Assistant: Our business hours are Monday through Friday, 9 AM to 5 PM EST...
Cost: $0.0015 | Latency: 1.2s

Total cost: $0.0123
Avg cost per query: $0.0041
Problem: Simple queries like “What are your business hours?” cost the same as complex troubleshooting questions, wasting money.

Step 2: Add Smart Routing

Now let’s migrate to smart routing with default model selection:
import requests
import json
from datetime import datetime
from typing import List, Dict, Optional

class SmartRoutingChatbot:
    """Chatbot with smart routing for automatic model selection."""

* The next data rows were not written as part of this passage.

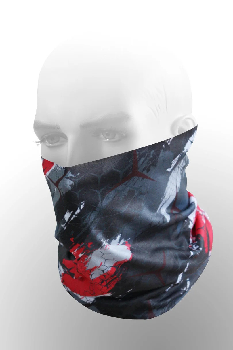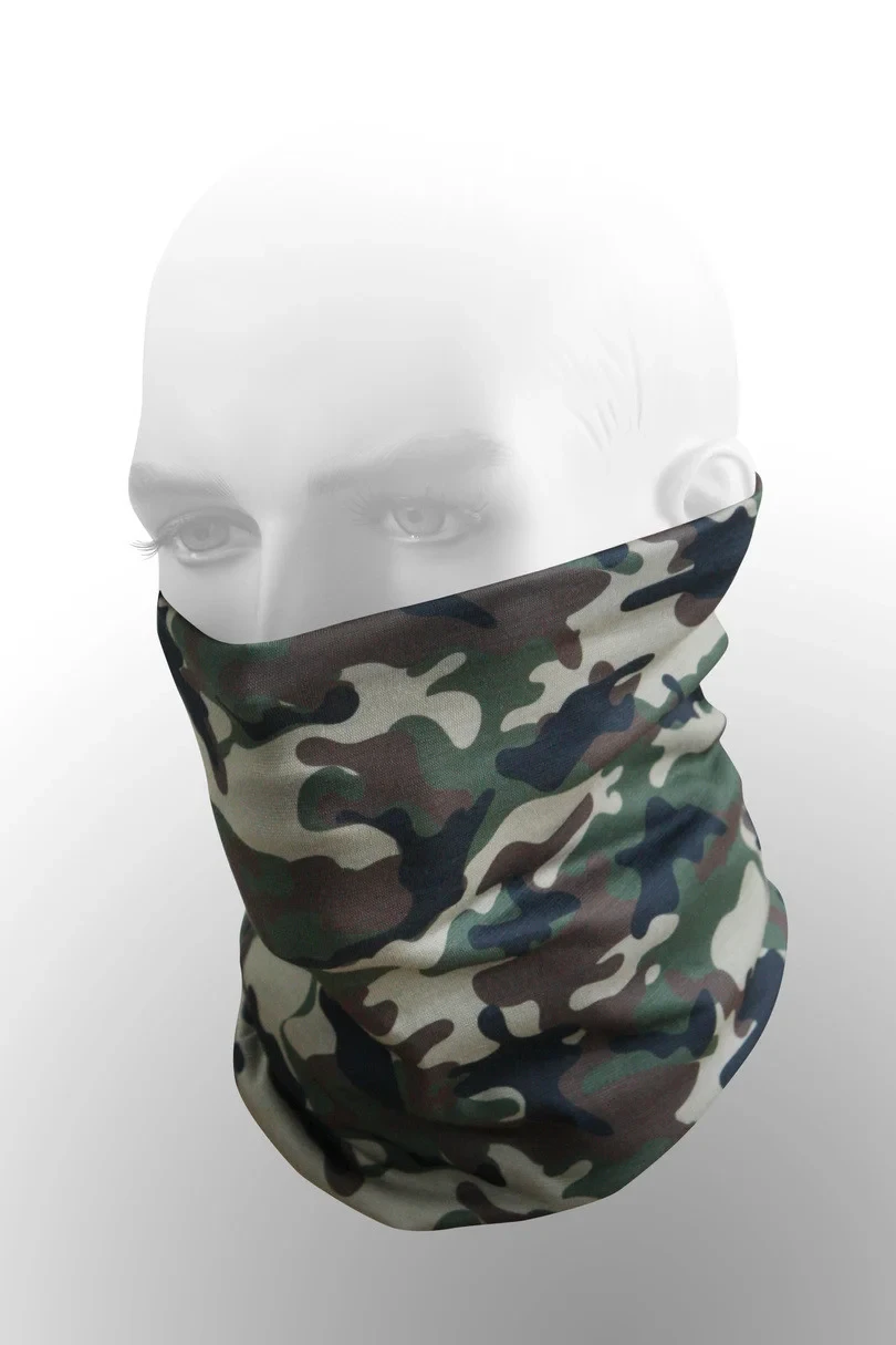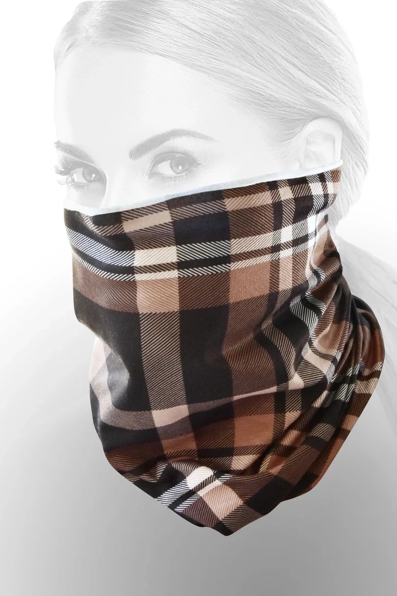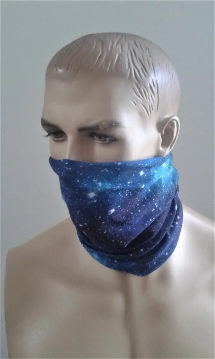 Víceúčelová komínová šála, kterou můžete použít také jako masku pro zakrytí nosu a úst.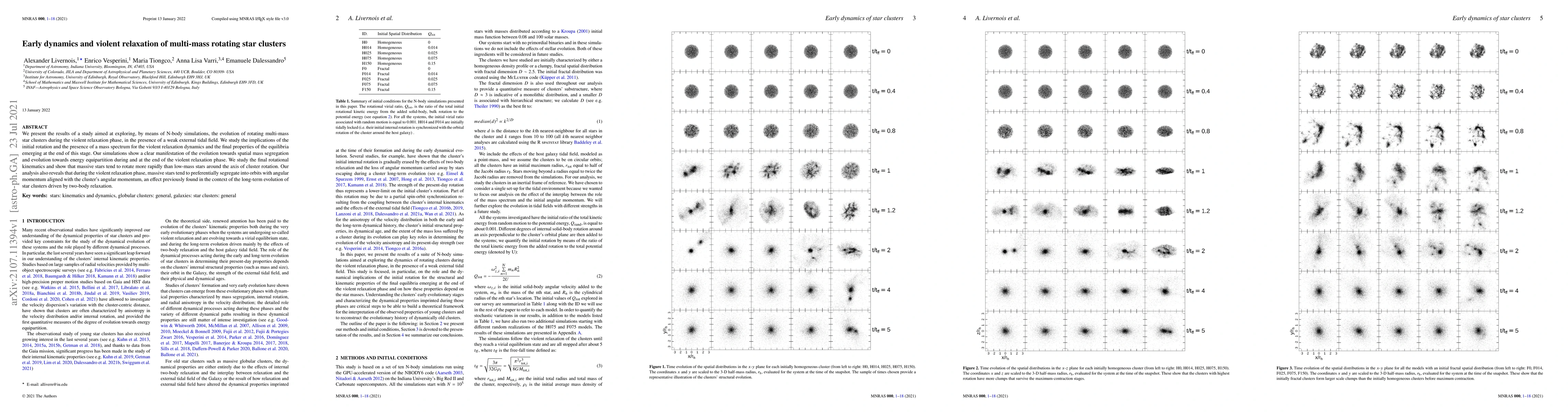 This study uses N-body simulations to investigate the violent relaxation dynamics of rotating multi-mass star clusters under a weak external tidal field, revealing spatial mass segregation and energy equipartition. The analysis shows that massive stars rotate faster and align their angular momentum with the cluster's rotation axis, highlighting the influence of initial rotation and mass spectrum on cluster evolution.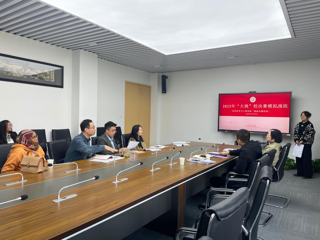 会议开始,侯霞介绍了本届“挑战杯”主赛道备赛工作的进度安排,简要介绍了校决赛入围10个项目的总体情况。随后,10支项目团队选手现场进行模拟答辩。选手通过6分钟的项目陈述,详细介绍了项目的背景、创新点和应用价值;评委们逐一进行了4分钟的自由提问并点评,并就文本修改、内涵提升、解说技巧、团队合作等关键要素进行了针对性辅导。
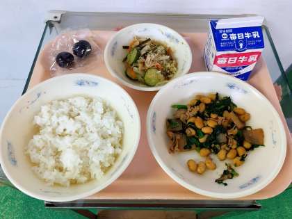 今日はたっぷりの大豆を使った「肉みそいため」でした。八丁味噌を使って味付けをしています。少し濃いめの味付けがごはんに合う一品です。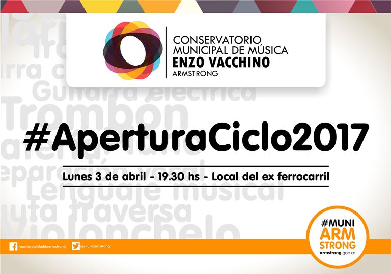 La Municipalidad de Armstrong invita al acto de apertura del ciclo 2017 del Conservatorio Municipal de Música “Enzo Vacchino” que se realizará el lunes 3 de abril a las 19:30 hs. en el local del ex ferrocarril.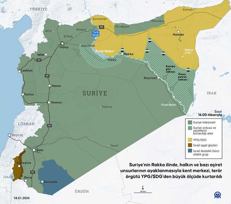 Sirijska vojska započela je ulazak u centar grada Rake, nakon što su lokalno stanovništvo i plemenske snage u velikoj mjeri preuzeli kontrolu nad gradom od terorističke organizacije YPG/SDG, objavila je turska novinska agencija Anadolija (AA), pozivajući se na vojne izvore. Prema istim izvorima, operacije sirijske vojske šire se i istočno od rijeke Eufrat, uz otvaranje novih frontova protiv YPG/SDG-a.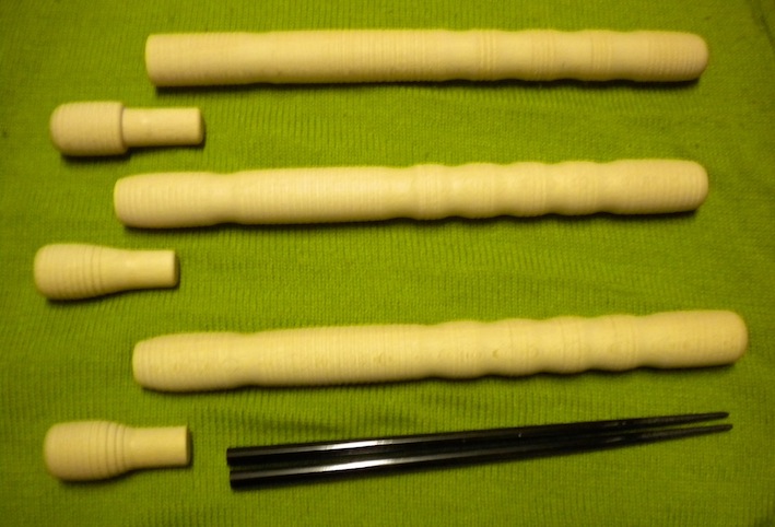 4月21日(日)開館日にお渡しできるよう、制作を急いでおります。 先着順でご予約を承りますので、メールにて、ご住所、お名前を記してお申し込みください。 追って、詳細をお知らせいたします。 メールアドレス d-fab@m2.hinocatv.ne.jp 予定販売価格 4,500円 当資料館にて受渡しいたしますが、郵送も承ります。(別途送料がかかります) 笛の箸入れは試作の段階にも関わらず、多くのご注文ありがとうございます。 販売価格も決まらない理由は職人さん方の手作業によりますので、 どれほどの手間がかかるものか「作ってみないと解らない」の一言でした。 出来上がる工程をご覧下さい。 発案:そば処「ちばい」亭主 谷 享司さん(日野市) 新選組研究の第一人者と言われた故谷春雄氏の長男、日野の郷土史の研究などもしています。 父君が木工の職人さんだった事から、木工や塗装に詳しく職人さんとの打ち合わせに立ち会っていただきました。 また、新選組ファンの間では幻のグッズ「歳三竹」を企画、制作したのも同氏です。 本体制作:渡辺木工挽物所 渡辺雅博さん(八王子市寺町) ネット上で何軒も問合せをし図面を送りましたが、一様にこの様な形状のものはできませんという回答でした。 そのような中、「この電話番号は立川市ですか?」「いいえ、日野市です」 「近いから一回来てみませんか」と誘いを受けました。 デザイン画と龍笛の写真を持って谷さんと二人作業場に着くと、ご本人と強い木の香りが出迎えてくれました。 「最近は、この仕事をやる人が減ってネットに出しておけば仕事はいくらでもあるんですが、難しい仕事や面倒な仕事はやりたがらないんです」と話されました。 打合せ中、「これは難しい」とニコニコする所がやはり職人さん。最後に「来週来てみて」声を聞き作業場を後にしました。そして・・・ とりあえずサンプルを作って下さいました。 削り出してみると直線的では笛らしく見えないとの渡辺さんの判断で、アールを入れて作り直しを繰り返し、 3本のサンプルが出来ました。 薄くなると木が割れてしまい、失敗もあったそうで、職人さんの経験と勘の作業です。 持っていった1枚の写真から、ここまでリアルに出来上がりました。 次回は塗り職人さんの制作工程です。 PR |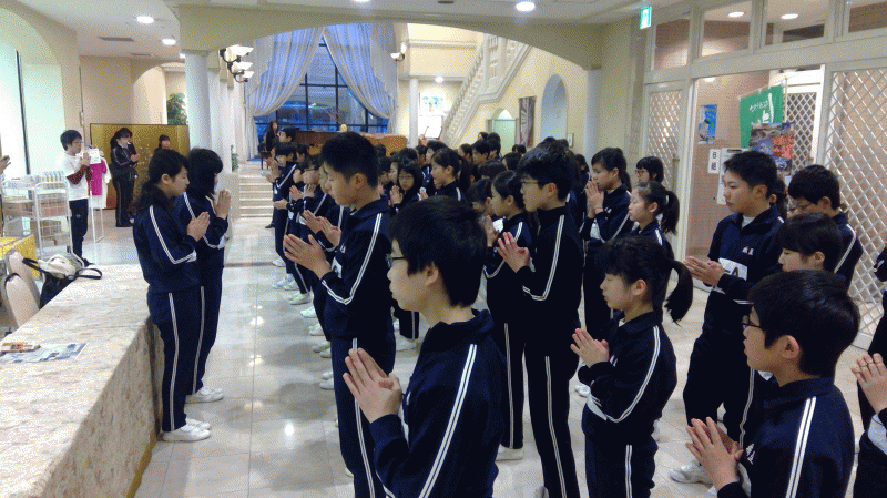 全 1952 件(全98ページ) 過去のページもご覧いただけます ⇒ 前へ 31 | 32 | 33 | 34 | 35 | 次へ 2018/2/26 4年生、がんばりました! 先週、高学年が学習旅行に出かけている間、学校に残る最高学年としてがんばった4年生! 先週、高学年が学習旅行に出かけている間、学校に残る最高学年としてがんばった4年生! いつもは6年生がしているおはよう当番も、ぼくたち、私たちががんばりました。 いつもは6年生がしているおはよう当番も、ぼくたち、私たちががんばりました。 あと少しで高学年。よい準備期間になりましたね。 あと少しで高学年。よい準備期間になりましたね。 4年生、がんばりました! 2018/2/26 先週、高学年が学習旅行に出かけている間、学校に残る最高学年としてがんばった4年生! 先週、高学年が学習旅行に出かけている間、学校に残る最高学年としてがんばった4年生! いつもは6年生がしているおはよう当番も、ぼくたち、私たちががんばりました。 いつもは6年生がしているおはよう当番も、ぼくたち、私たちががんばりました。 あと少しで高学年。よい準備期間になりましたね。 あと少しで高学年。よい準備期間になりましたね。 2018/2/23 被爆のマリア小聖堂 6年生は旅の最後に被爆のマリア小聖堂で「祈りの集い」を行いました。私たちの祈りが天に届きますように。 6年生は旅の最後に被爆のマリア小聖堂で「祈りの集い」を行いました。私たちの祈りが天に届きますように。 被爆のマリア小聖堂 2018/2/23 6年生は旅の最後に被爆のマリア小聖堂で「祈りの集い」を行いました。私たちの祈りが天に届きますように。 6年生は旅の最後に被爆のマリア小聖堂で「祈りの集い」を行いました。私たちの祈りが天に届きますように。 2018/2/23 浦上天主堂 6年生は最後の見学地、浦上天主堂にやってきました。被爆のマリア小聖堂で平和の祈りを唱えます。 6年生は最後の見学地、浦上天主堂にやってきました。被爆のマリア小聖堂で平和の祈りを唱えます。 浦上天主堂 2018/2/23 6年生は最後の見学地、浦上天主堂にやってきました。被爆のマリア小聖堂で平和の祈りを唱えます。 6年生は最後の見学地、浦上天主堂にやってきました。被爆のマリア小聖堂で平和の祈りを唱えます。 2018/2/23 如己堂 6年生は永井隆博士が晩年を過ごした如己堂を見学しました。原爆病となっても亡くなるまで家族を思い、平和を願った永井博士。その生涯から平和とは何かを学びます。 6年生は永井隆博士が晩年を過ごした如己堂を見学しました。原爆病となっても亡くなるまで家族を思い、平和を願った永井博士。その生涯から平和とは何かを学びます。 如己堂 2018/2/23 6年生は永井隆博士が晩年を過ごした如己堂を見学しました。原爆病となっても亡くなるまで家族を思い、平和を願った永井博士。その生涯から平和とは何かを学びます。 6年生は永井隆博士が晩年を過ごした如己堂を見学しました。原爆病となっても亡くなるまで家族を思い、平和を願った永井博士。その生涯から平和とは何かを学びます。 2018/2/23 平和と祈りの旅、最終日 今日の朝会はホテルのチャペルで行いました。一日、良い学びと祈りの一日となりますように。 今日の朝会はホテルのチャペルで行いました。一日、良い学びと祈りの一日となりますように。 平和と祈りの旅、最終日 2018/2/23 今日の朝会はホテルのチャペルで行いました。一日、良い学びと祈りの一日となりますように。 今日の朝会はホテルのチャペルで行いました。一日、良い学びと祈りの一日となりますように。 2018/2/22 被爆体験講話 6年生は被爆体験講話をしていただきました。戦争の悲劇、核兵器もたらした悲しみを、語り部さんによって子どもたちに語っていただきました。 6年生は被爆体験講話をしていただきました。戦争の悲劇、核兵器もたらした悲しみを、語り部さんによって子どもたちに語っていただきました。 被爆体験講話 2018/2/22 6年生は被爆体験講話をしていただきました。戦争の悲劇、核兵器もたらした悲しみを、語り部さんによって子どもたちに語っていただきました。 6年生は被爆体験講話をしていただきました。戦争の悲劇、核兵器もたらした悲しみを、語り部さんによって子どもたちに語っていただきました。 2018/2/22 平和学習 6年生は小学校で学んだ平和学習のまとめを長崎で行っています。 6年生は小学校で学んだ平和学習のまとめを長崎で行っています。 平和記念公園や、爆心地、原爆資料館でみんなで作った千羽鶴をお捧げしました。 平和記念公園や、爆心地、原爆資料館でみんなで作った千羽鶴をお捧げしました。 平和学習 2018/2/22 6年生は小学校で学んだ平和学習のまとめを長崎で行っています。 6年生は小学校で学んだ平和学習のまとめを長崎で行っています。 平和記念公園や、爆心地、原爆資料館でみんなで作った千羽鶴をお捧げしました。 平和記念公園や、爆心地、原爆資料館でみんなで作った千羽鶴をお捧げしました。 2018/2/22 歴史学習旅行 5年生は今日から歴史学

    def __init__(self, api_key: str, router_candidates: Optional[List[str]] = None):
        self.api_key = api_key
        self.router_candidates = router_candidates
        self.conversation_history = []
        self.cost_log = []

    def chat(self, message: str) -> Dict:
        """Send a message with smart routing."""

        self.conversation_history.append({
            "role": "user",
            "content": message
        })

        url = "https://api.edenai.run/v3/llm/chat/completions"
        headers = {
            "Authorization": f"Bearer {self.api_key}",
            "Content-Type": "application/json"
        }

        payload = {
            "model": "@edenai",  # Smart routing trigger
            "messages": self.conversation_history,
            "stream": True
        }

        # Add custom candidates if provided
        if self.router_candidates:
            payload["router_candidates"] = self.router_candidates

        start_time = datetime.now()
        response = requests.post(url, headers=headers, json=payload, stream=True)

        full_response = ""
        selected_model = None
        first_chunk_time = None

        for line in response.iter_lines():
            if line:
                if not first_chunk_time:
                    first_chunk_time = datetime.now()

                line_str = line.decode('utf-8')
                if line_str.startswith('data: ') and line_str != 'data: [DONE]':
                    data = json.loads(line_str[6:])

                    # Track which model was selected
                    if not selected_model and 'model' in data:
                        selected_model = data['model']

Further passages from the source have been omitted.